Data was analysed to identify how many patients with wAMD resided within a 10-mile radius of Stroud General Hospital (SGH) and who upon clinical review would also be suitable for treatment at a hub and spoke site in either our virtual eye clinic or wAMD clinic. Patients were contacted to discuss their preference of treatment site; patients overwhelmingly chose SGH being to their homes.

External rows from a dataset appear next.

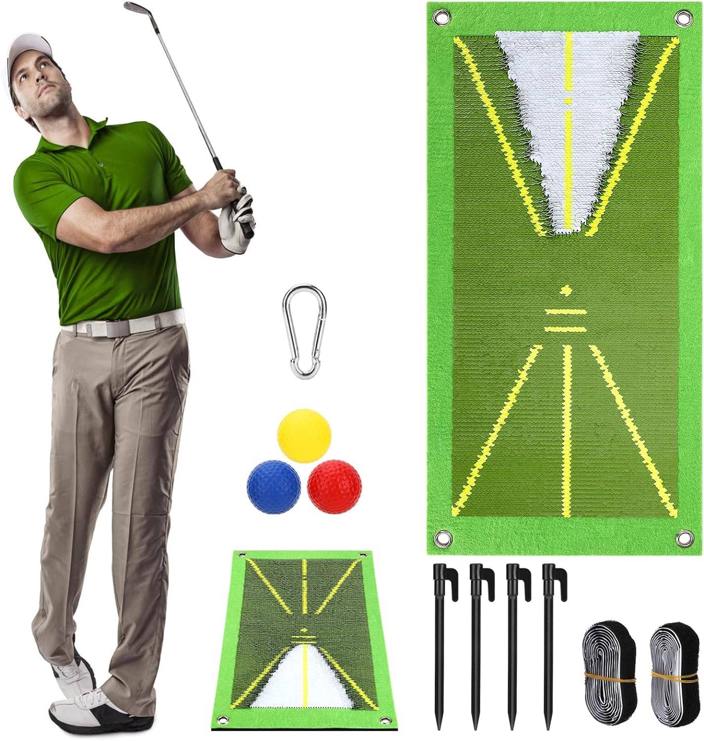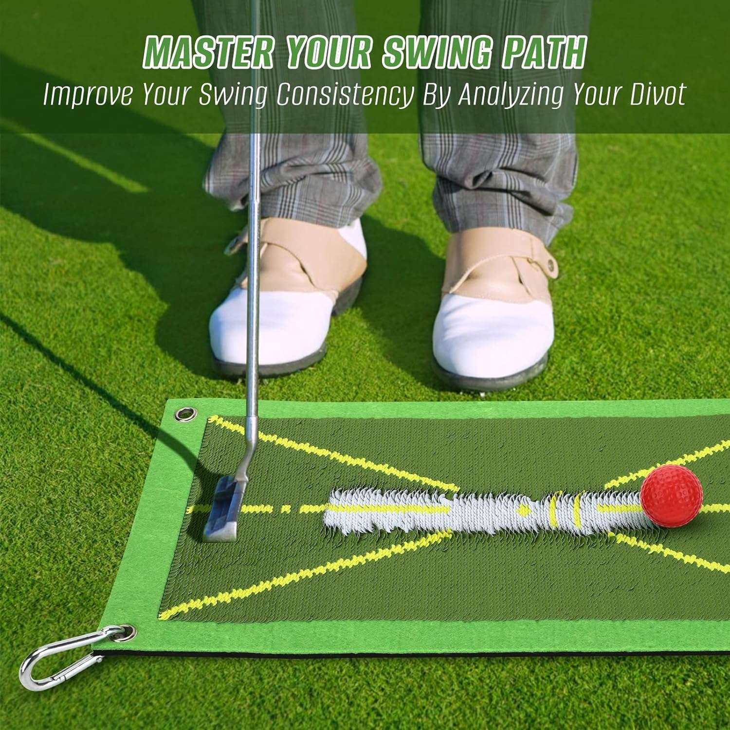 【Perfekt Gåva】Du får 1 x golfmatta, 1 x karbinhake, 4 x golvpinnar, 3 x PU-bollar, 2 x fästremsor. Perfekt för nybörjare och hjälper dig att bli skickligare och slå renare slag. En utmärkt gåva till golfälskaren.
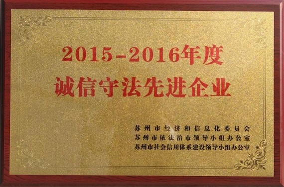 2018年4月24日,開信精工獲得由蘇州市經濟和信息化委員會、蘇州市依法治市領導小組辦公室、蘇州市社會信用體系建設領導小組聯(lián)合頒發(fā)的“誠信守法先進企業(yè)”銅牌。
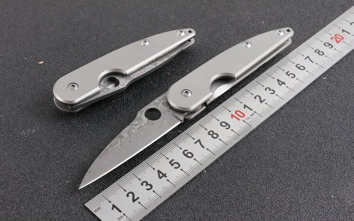 全 长:16.8cm 刃 长:7cm 柄 长:8.2cm 刃 宽:2.0cm 刃 厚:3.2mm 刃 材:大马士革 刀 重;63g 重 量:100g (含包装) 硬 度:58-60HRC 表 面:大马士革原有花纹 柄 材:钛柄 锁 型:线锁 其 它:开合流畅,包装彩盒
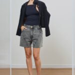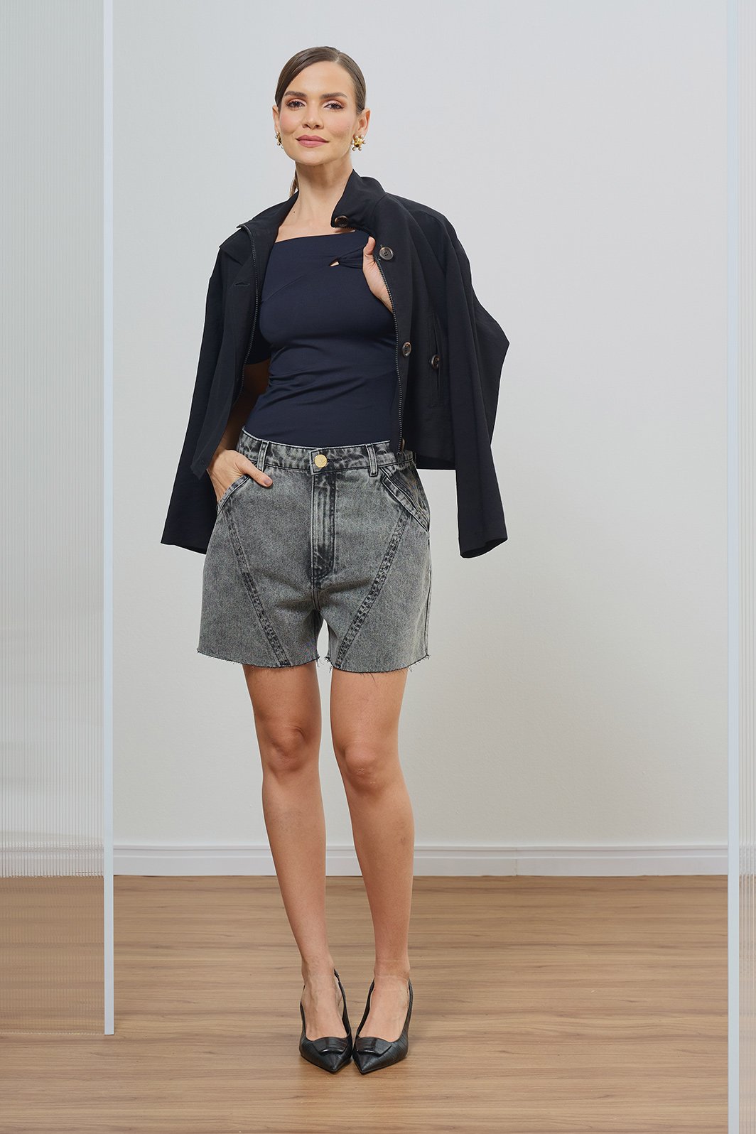 Combine com jeans de lavagem estonada ou cinza para um visual urbano e atual. Para uma produção mais refinada, aposte em calças de alfaiataria e acessórios metálicos que realcem o corte diferenciado do decote.
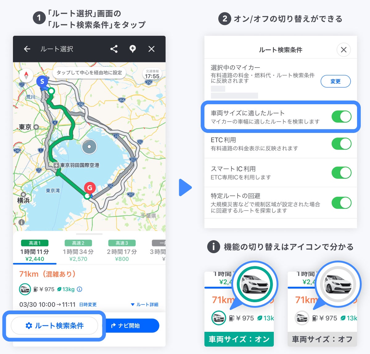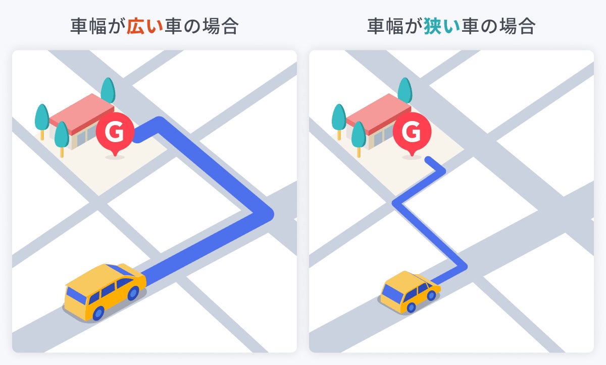 車幅の広い車には「広く通りやすいルート」、車幅の狭い車には「より近く早いルート」が検索結果に表示され、より快適な運転が可能に
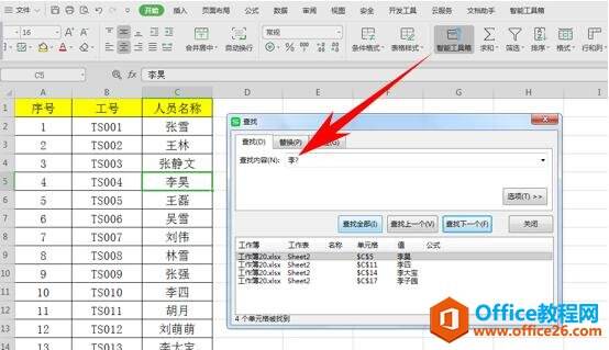 弹出查找的对话框,输入李,单击查找全部,就能查找出表格当中所有包含李的姓名,这就叫做查找当中的模糊查找。
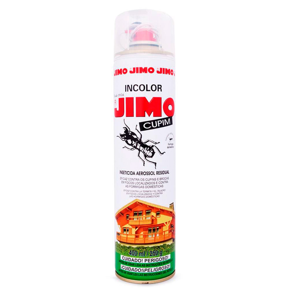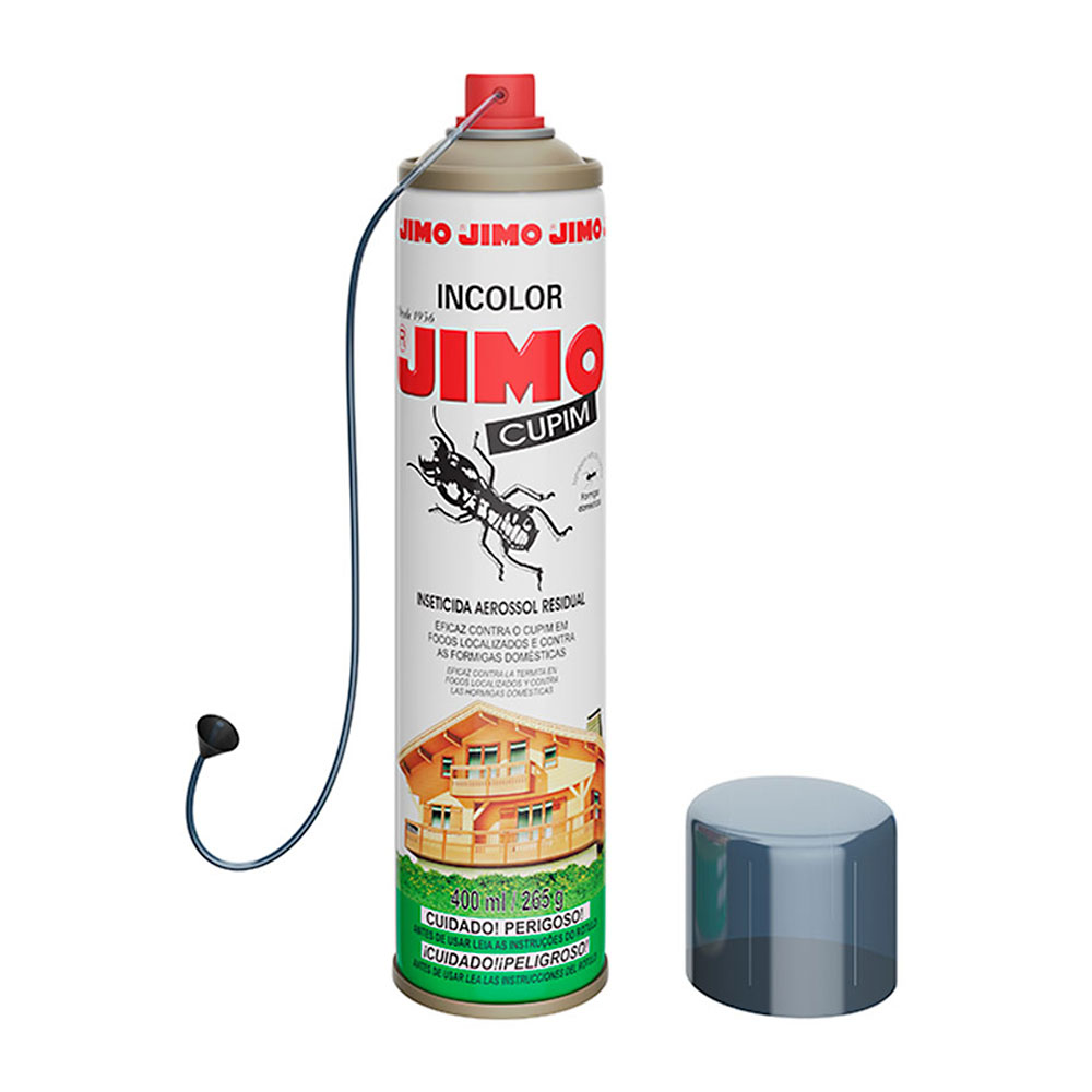 Ideal para combater focos localizados, o inseticida aerossol mata cupim Jimo combate também brocas e formigas em pequenas peças de madeira. Com alto poder de penetração, possui tubo com agulha injetora e protetor antirrefluxo para evitar respingos.
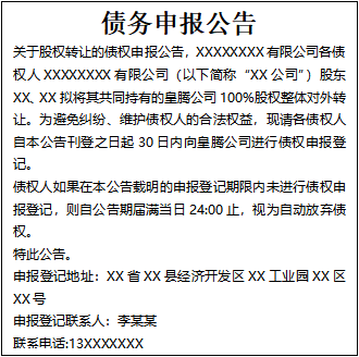 關(guān)于股權(quán)轉(zhuǎn)讓的債權(quán)申報公告,XXXXXXXX有限公司各債權(quán)人XXXXXXXX有限公司(以下簡稱“XX公司”)股東XX、XX擬將其共同持有的皇騰公司100%股權(quán)整體對外轉(zhuǎn)讓。為避免糾紛、維護債權(quán)人的合法權(quán)益,現(xiàn)請各債權(quán)人自本公告刊登之日起30日內(nèi)向皇騰公司進(jìn)行債權(quán)申報登記。
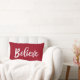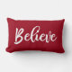 Geloof handschrift | Vakantie Sierkussen in het rood. Moderne boerderij typografie ontwerp door Blackberry Boulevard "Believe" geschreven in een wit schrift lettertype op een effen rode kleur achtergrond. Andere kleuren beschikbaar in de winkel. Perfect accentkussen voor uw vakantiehuisinrichting.
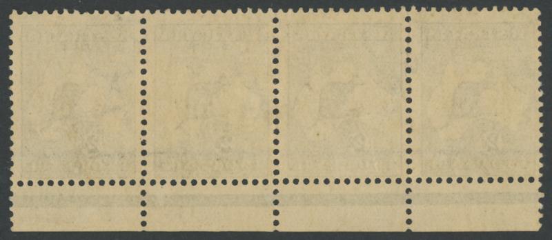 2d grey SG 24 marginal horizontal strip of 4 from the base of the sheet [Pos L55-58], the left-hand unit with Retouched Left Frame

The service started by running virtual eye clinics from June 2022 with wAMD clinics starting in August 2022, initially on reduced templates to ensure the smooth running of clinics for both staff and patients.  Both clinics are now running one day a week, every week of the month.  Month on month the efficiency of the clinics in relation to patient numbers has improved.

Outcomes:

Clinical:

  • The 2-week rapid access wait times are now being achieved
  • Increased wAMD capacity for follow up, helping with timely follow up for patients
  • Patients attending virtual clinics have the benefit of a doctor being on site in the wAMD clinic at the same time to assist with review for any urgent issues identified whereas they would otherwise have to come back for another appointment to see a doctor at a later date

Patient:

  • Patients feel like they are having a more personalised treatment pathway.
  • 100% of patients are being seen on time at SGH.
  • 100% of patients feel they are treated with dignity and respect and have confidence in the staff treating them.
  • Clinics are more orderly as less patients in waiting areas and not as many clinics running at the same time.
  • Patients feel staff have more time.
  • Patients benefit from free parking.
  • Regular patient satisfaction questionnaires show the satisfaction levels have increased.  Since starting patient feedback, the results have been excellent (currently 88% excellent and 12% very good) with patients commenting;

“Very pleased there is a new clinic in Stroud, much closer to home.  It was quiet in waiting room. The nurse explained everything.”

Nursing/OPD:

  • Closer working relationships built up between outpatient staff at SGH and the acute sites.
  • Training has taken place at the acute site for the SGH nurses, but the contact has continued post training with regular communication.
  • Nurses at SGH have developed extra clinical skills which should help with increase in job satisfaction.
  • IT links have been improved between the SGH and acute sites due to funds being spent to upgrade connections as part of this project.  This has impacted on other general and retinal clinics running on other days.
  • Equipment available for Ophthalmology clinics on site has improved due to kit bought as part of this project.

Doctors:

  • Community hospitals are a calmer environment for doctors to work within as they have less clinics running than the acute sites.
  • Ample opportunity to provide further teaching of injector skills to develop the staffing further.

It is hoped that the success of the wAMD and virtual eye clinics in Stroud General Hospital (SGH)can be replicated in other community hospitals.

Conclusion:

This project initiated the identification of the most vulnerable patients living within the Stroud vicinity and who, if suitable for treatment at a hub and spoke site, would feel the most impact on their patient experience and welfare by being treated closer to home. The improvements seen within the project will be continued and built up in respect of number of clinics running, patients seen and increased improvement in patient experience.